##### RECORDED DATA #####
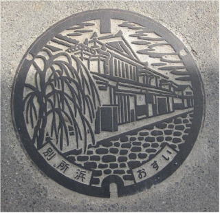 その 3 その 1 と同じデザインのモノクロ版 左下の地区名がその 2 と違い わきまち が 別所浜 になっている 撮影日; 2010年9月21日 撮影場所; 脇町 岩倉中学校 東側道路 |
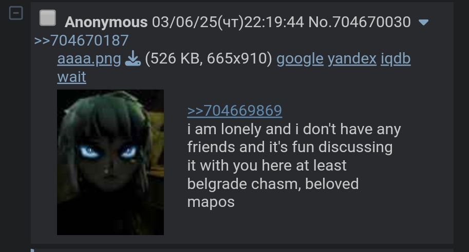 >>725593503>there's a whole pedophile ring in /vrlg/That wouldn't surprise me, nearly every single /trash/ general gives me that vibes besides maybe the snoot one (and even then)>>725593553Thank you for your input, I'd suggest people in your community to steer clear from him in the future. The fact he's started to spamming IT WASN'T ME IT WASN'T ME seems to suggest its the one thing he cares about.
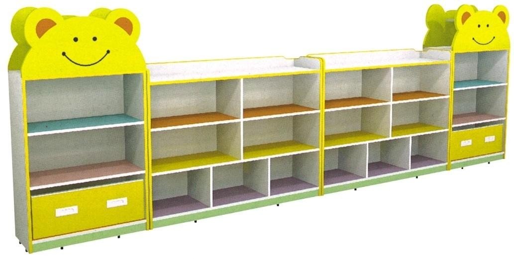 Happy face accents on yellow shelf for cheerful storage solutions in playrooms.
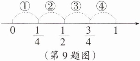 9. 如图,若$a = 6b$,$b > 0$,则$\frac{1}{a - b}·(a - \frac{2ab - b^2}{a})$的值在(
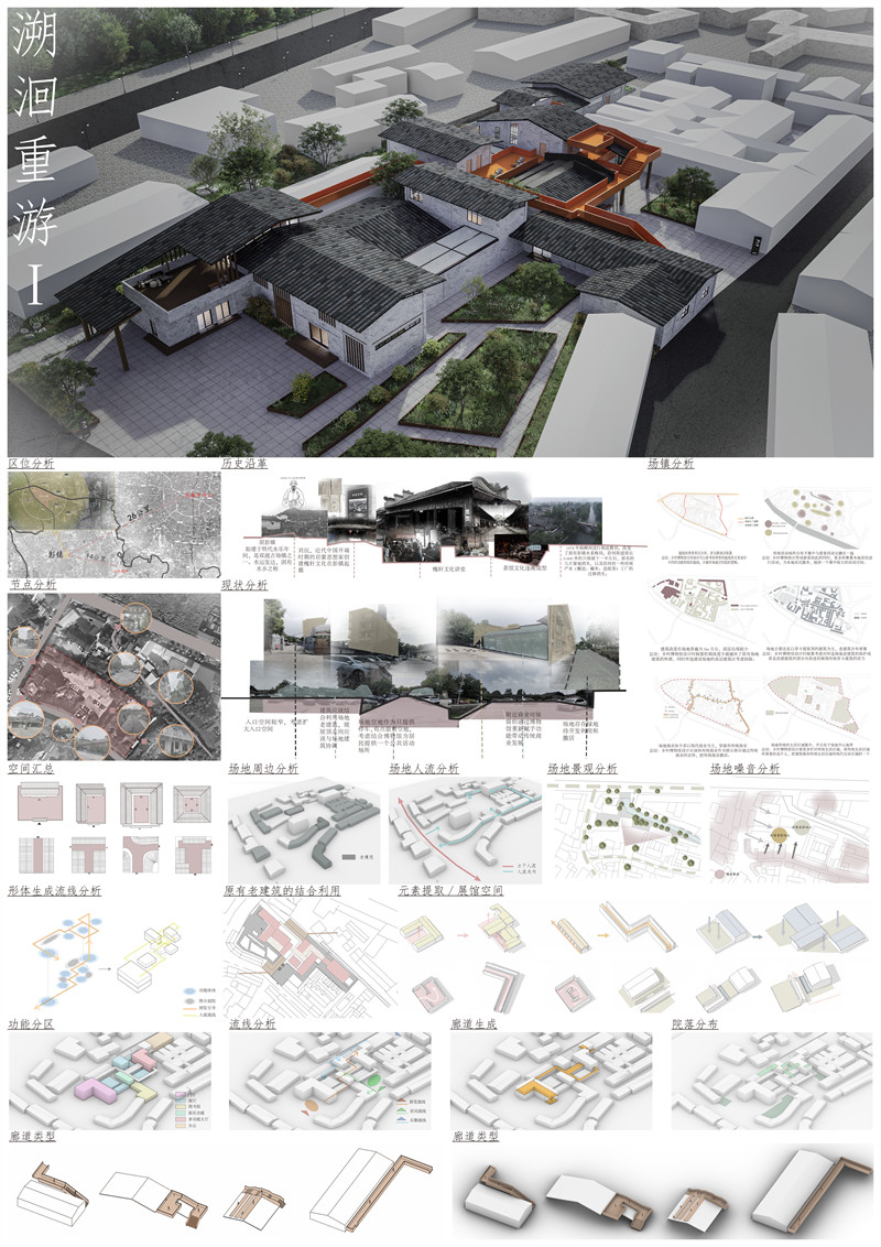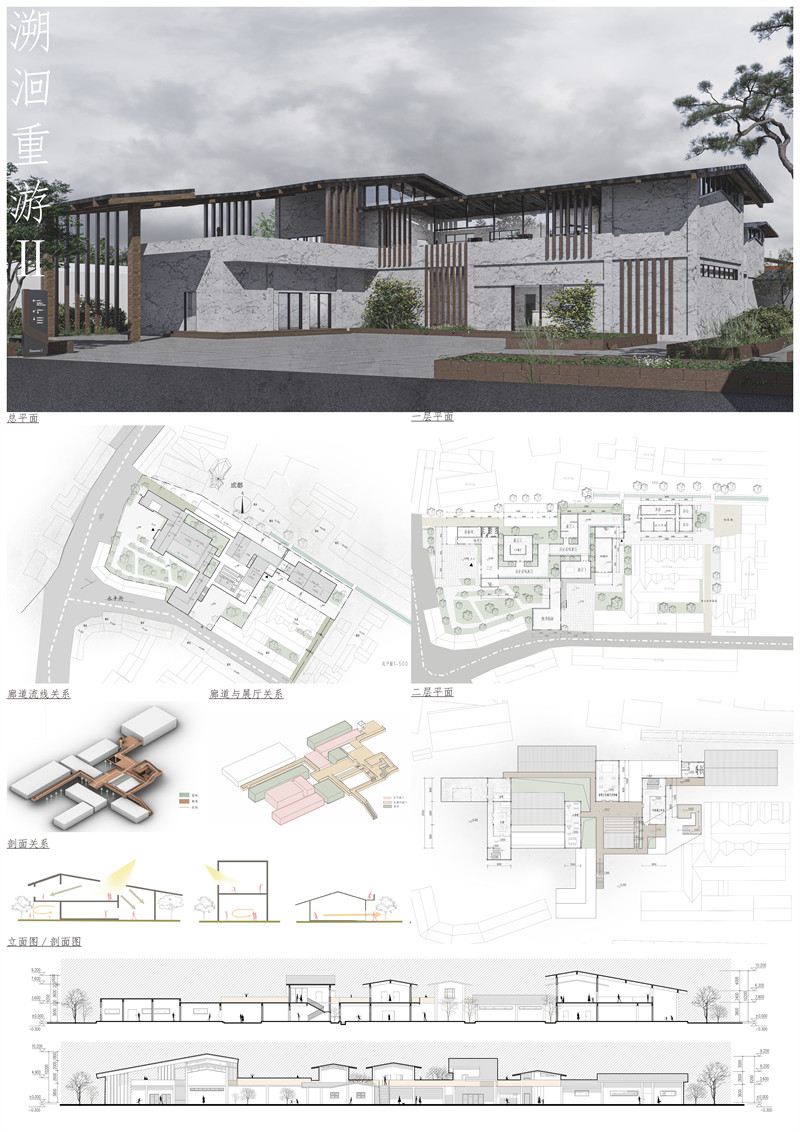 本设计致力于创建一处集展示、教育、体验于一体的综合场所,不仅重振彭镇历史荣光,更激活其未来发展潜能,成为承载文化传承与创新的重要平台。通过空间与技术的巧妙结合,彭镇乡村博物馆将成为一处独一无二的精神地标,唤起公众对乡土文化的重视与自豪,助力古镇复兴之路。场地坐落于古镇前端,博物馆旨在成为游客探索之旅的启航点,巧妙汇聚人群后再将其分流至古镇各隅,让博物馆于场地共生,激活全域活力。依托彭镇的水乡背景,本设计构想一座集文化展示与体验于一体的博物馆,意在成为游客了解古镇历史的门户。馆内流线以彭镇发展史为序章,借流水串联起时空的桥梁,引导游客步入一段历史之旅。建筑空间效仿鱼脊骨布局,辅以精致庭院,创造移步异景的独特体验。在二层空间特别设立的茶文化专区,品味彭镇的茶香岁月,成为连接居民与游客的共生桥梁。。空中廊道凌驾于历史展馆之上,提供全新视角,回望旅程,尽收眼底。本方案旨在打造一个多维感知的文博空间与彭镇建筑和居民共生,让每位到访者都能沉浸在彭镇的悠悠往事与茶香雅趣之中,体验一场难忘的溯洄之旅。博物馆与周围环境和谐共生,不仅是一座孤立的建筑,更是古镇生态链上的重要环节。
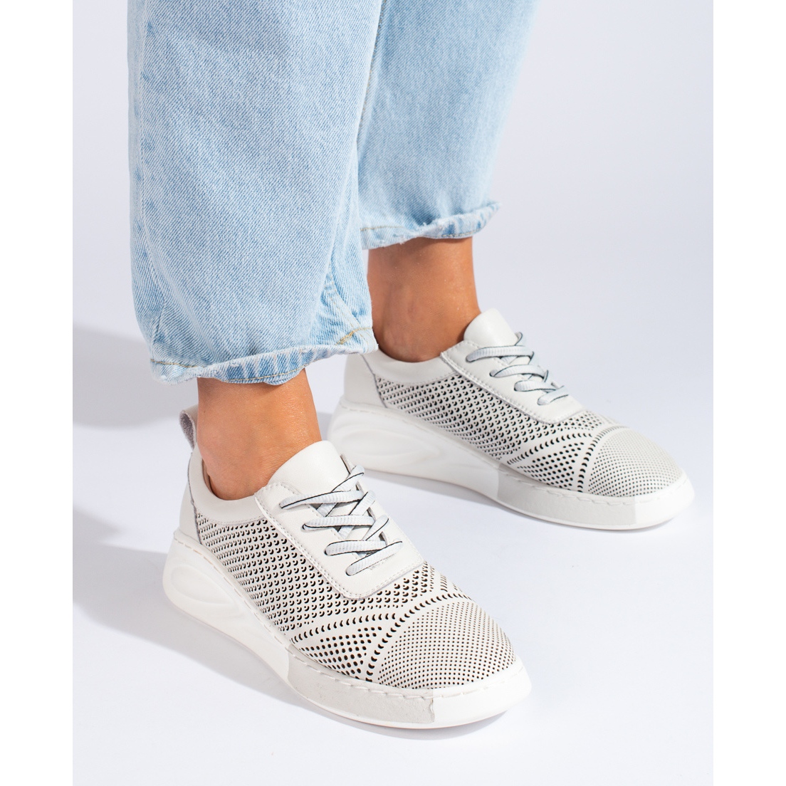 Este modelo enquadra-se no estilo casual, o que o torna a escolha ideal para qualquer estação - da primavera ao inverno. Graças ao padrão vazado, os sapatos conferem um aspecto leve e fresco e ao mesmo tempo permitem a livre circulação de ar, o que é útil nos dias mais quentes. Esses tênis também são equipados com um forro de couro que aumenta o conforto de uso.
#####
* **YOUR OBJECTIVE**: Begin at the top of the records above and retype each line exactly until the line containing "9. 如图,若$a = 6b$,$b", which is included. Skip all pictures.

* **ANSWER**:
 その 3 その 1 と同じデザインのモノクロ版 左下の地区名がその 2 と違い わきまち が 別所浜 になっている 撮影日; 2010年9月21日 撮影場所; 脇町 岩倉中学校 東側道路 |
 >>725593503>there's a whole pedophile ring in /vrlg/That wouldn't surprise me, nearly every single /trash/ general gives me that vibes besides maybe the snoot one (and even then)>>725593553Thank you for your input, I'd suggest people in your community to steer clear from him in the future. The fact he's started to spamming IT WASN'T ME IT WASN'T ME seems to suggest its the one thing he cares about.
 Happy face accents on yellow shelf for cheerful storage solutions in playrooms.
 9. 如图,若$a = 6b$,$b > 0$,则$\frac{1}{a - b}·(a - \frac{2ab - b^2}{a})$的值在(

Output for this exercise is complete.